# Provided entries
⁂
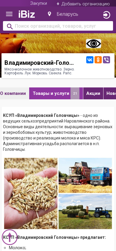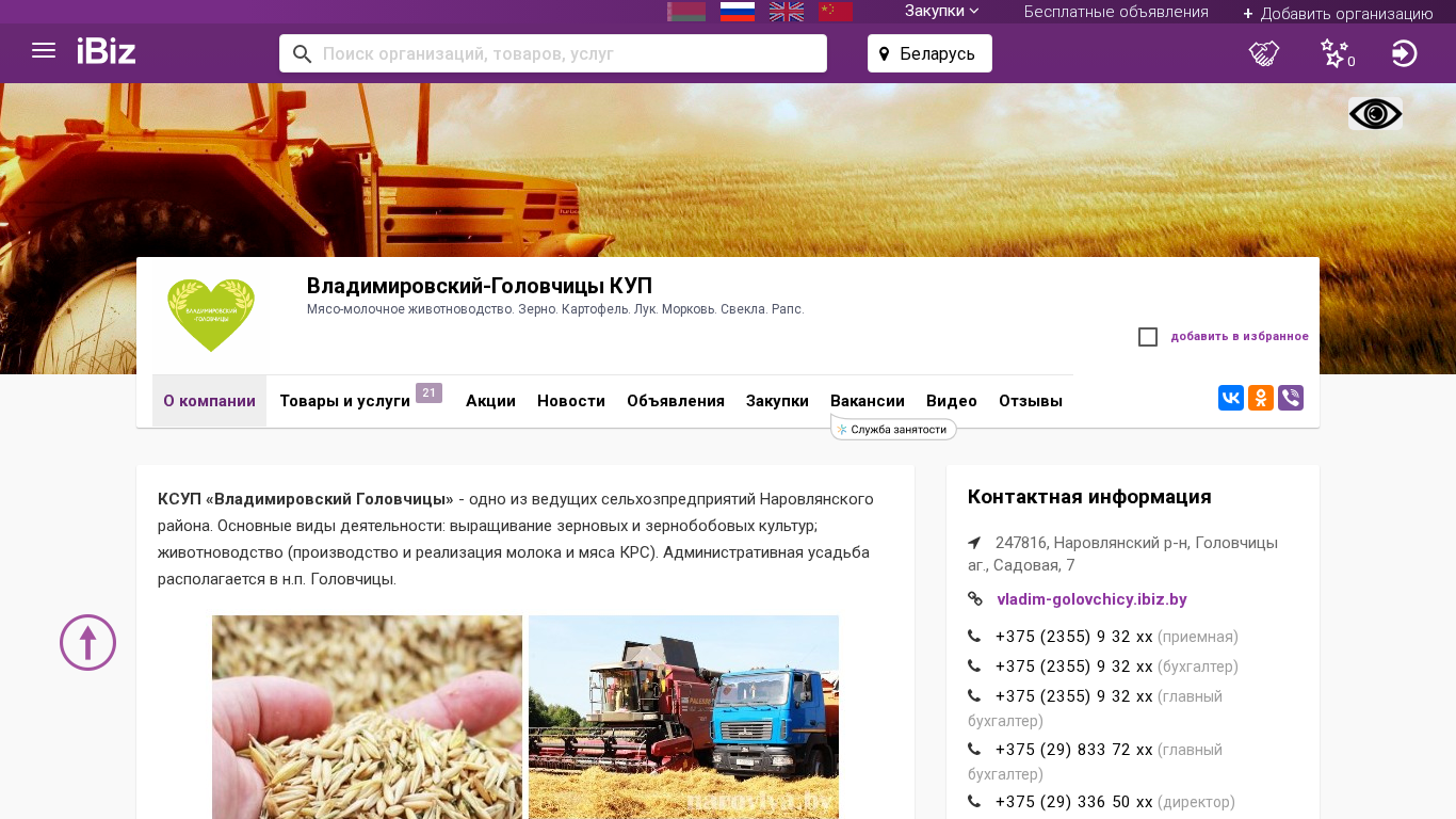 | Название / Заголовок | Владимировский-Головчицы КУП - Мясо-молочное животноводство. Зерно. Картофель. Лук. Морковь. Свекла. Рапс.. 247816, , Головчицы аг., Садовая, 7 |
⁂
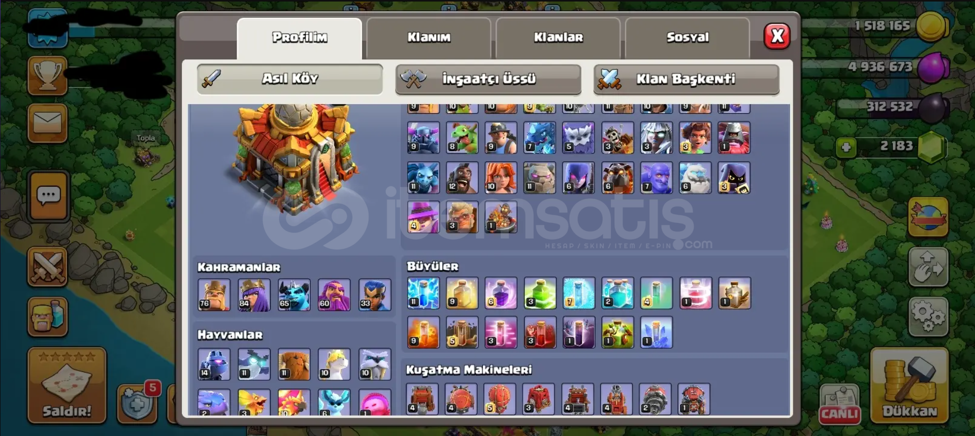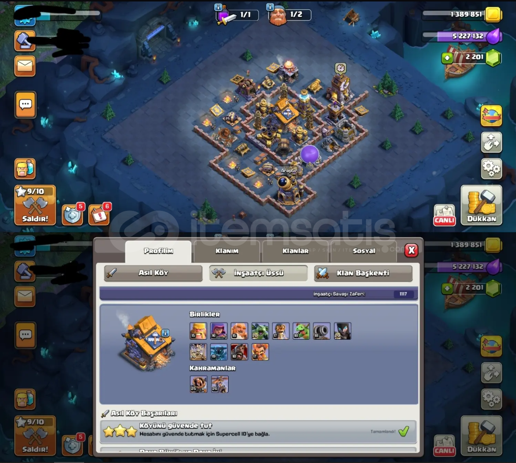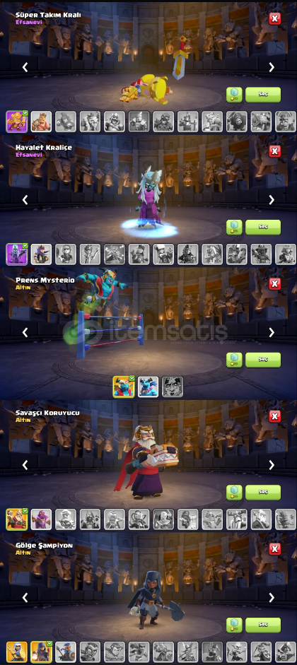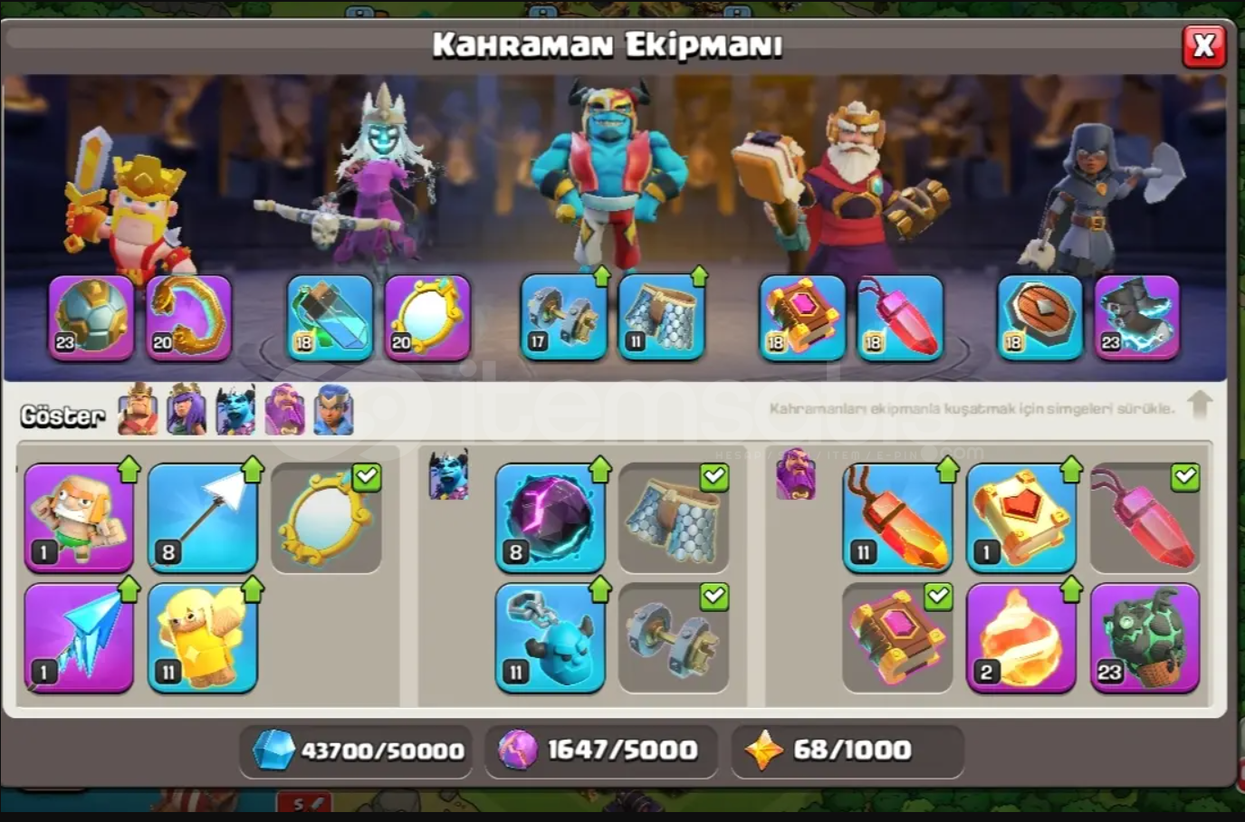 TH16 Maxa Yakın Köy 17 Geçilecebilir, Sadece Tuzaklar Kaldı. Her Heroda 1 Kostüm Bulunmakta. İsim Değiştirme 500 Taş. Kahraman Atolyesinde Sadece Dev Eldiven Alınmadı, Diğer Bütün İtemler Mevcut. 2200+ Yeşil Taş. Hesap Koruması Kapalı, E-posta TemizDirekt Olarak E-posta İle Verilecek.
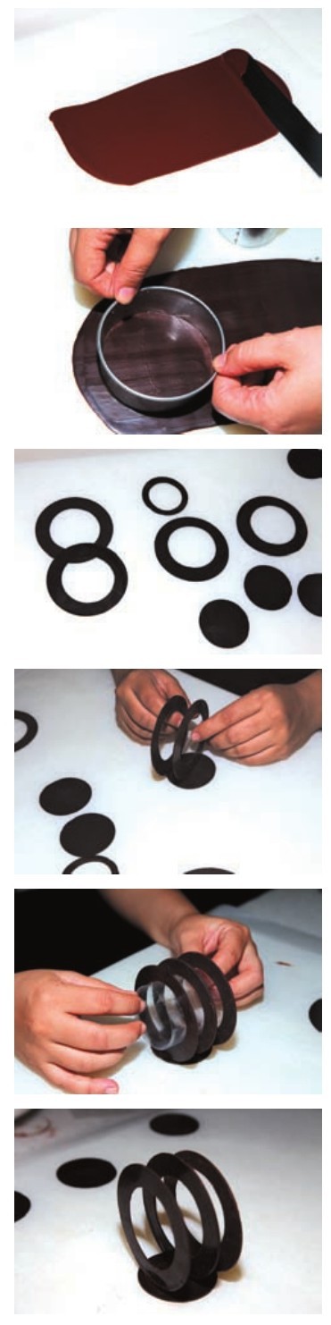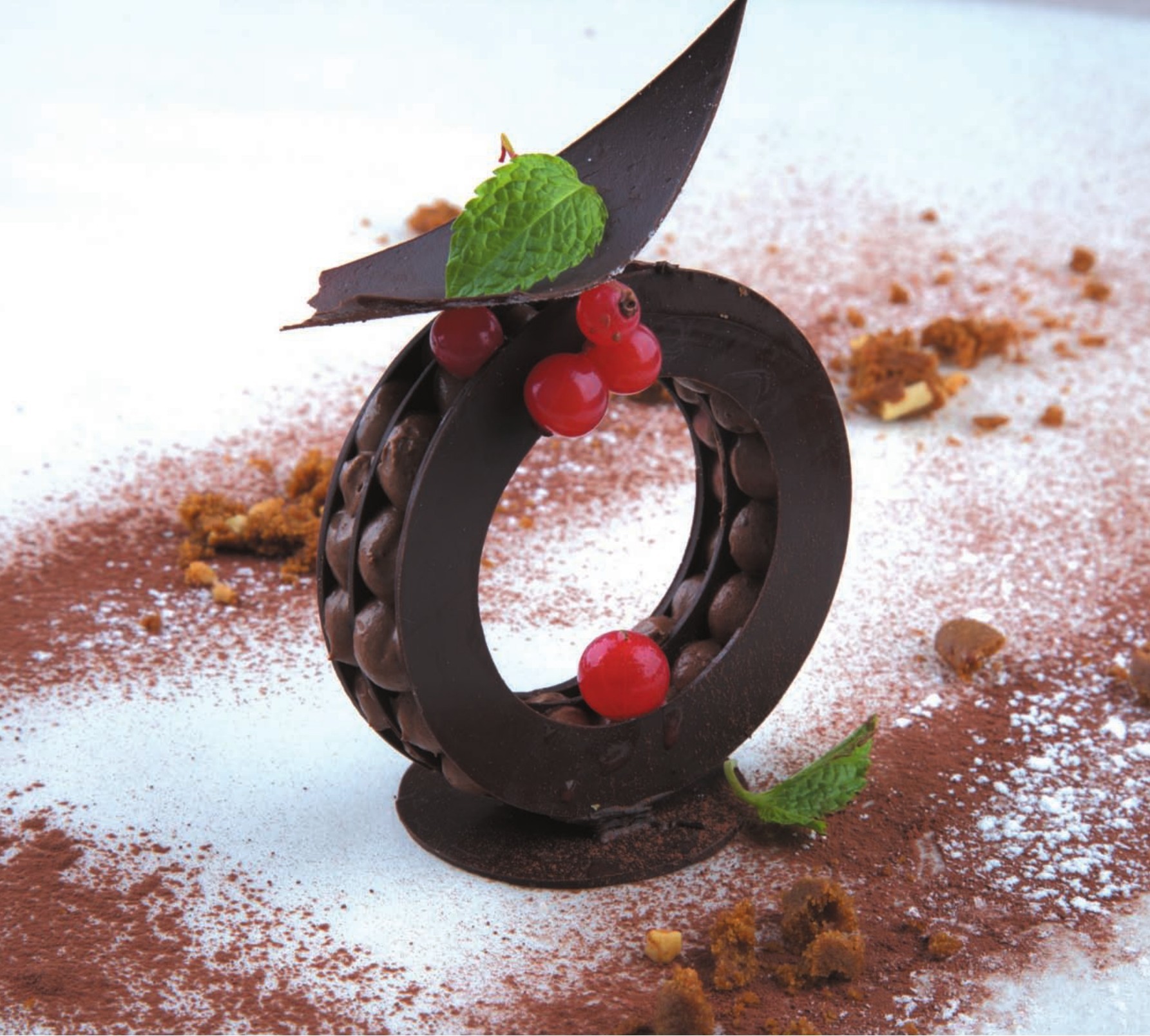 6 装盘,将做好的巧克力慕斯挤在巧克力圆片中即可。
⁂
# What is required
From the line containing "TH16 Maxa Yakın" through the line containing "6 装盘,将做好的巧克力慕斯挤在巧克力圆片中即可。", copy every line above exactly, without pictures.

# Answer to this task
 TH16 Maxa Yakın Köy 17 Geçilecebilir, Sadece Tuzaklar Kaldı. Her Heroda 1 Kostüm Bulunmakta. İsim Değiştirme 500 Taş. Kahraman Atolyesinde Sadece Dev Eldiven Alınmadı, Diğer Bütün İtemler Mevcut. 2200+ Yeşil Taş. Hesap Koruması Kapalı, E-posta TemizDirekt Olarak E-posta İle Verilecek.
 6 装盘,将做好的巧克力慕斯挤在巧克力圆片中即可。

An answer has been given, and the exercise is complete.